Our Patients With Disabilities Face Unique Environmental Risks


Lowe Taylor is a physiatrist.

In 2018, I was a young medical resident working on a spinal cord injury unit at the Palo Alto Veterans Administration (VA) when the fast-moving Camp Fire decimated the town of Paradise, California. The unit was filled with veterans with varying degrees of severe physical disability, some dependent on ventilators for breathing, others entirely bedbound.
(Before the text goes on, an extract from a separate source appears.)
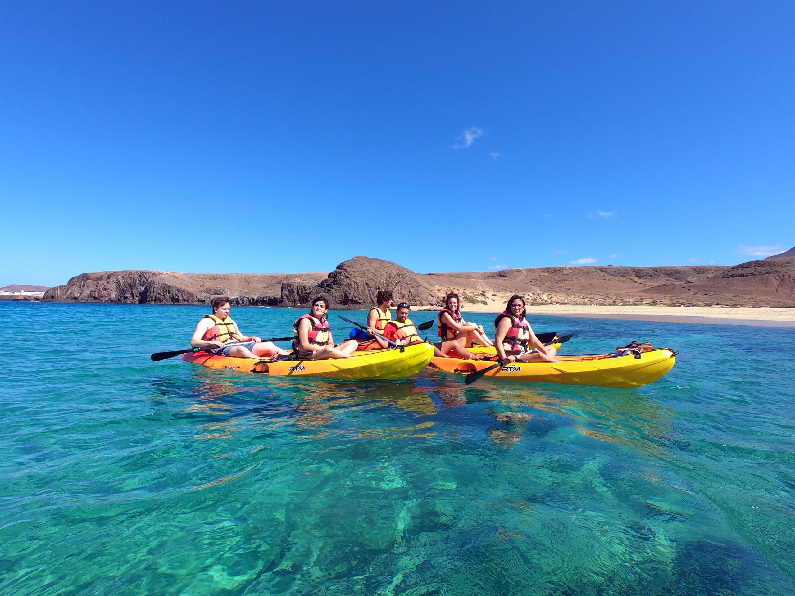 ¿Puedes imaginarte remando en la aguas cristalinas ¿por la playa de Papagayo? Los acantilados son absolutamente impresionantes, y por eso esta excursión en kayak por Lanzarote es algo que no te puedes perder durante tus vacaciones en esta hermosa isla. La reserva natural de Los Ajaches sirve de escenario para una inolvidable excursión en kayak en Lanzarote. ¿Vienes con nosotros?

As the wildfire swept through the Sierra Nevada mountains, smoke filled the VA campus. As a medical team, we rushed to protect our patients from this new (to us) threat, closing windows and administering breathing support, hoping the smoke would not be the straw that broke their already tenuous respiratory status.

Yet, in many ways, we were lucky. Escaping a fast-moving fire is risky for the most healthy and able-bodied person. For someone paralyzed from the neck down and dependent on healthcare professionals or cumbersome medical equipment, this feat can be herculean — if even possible.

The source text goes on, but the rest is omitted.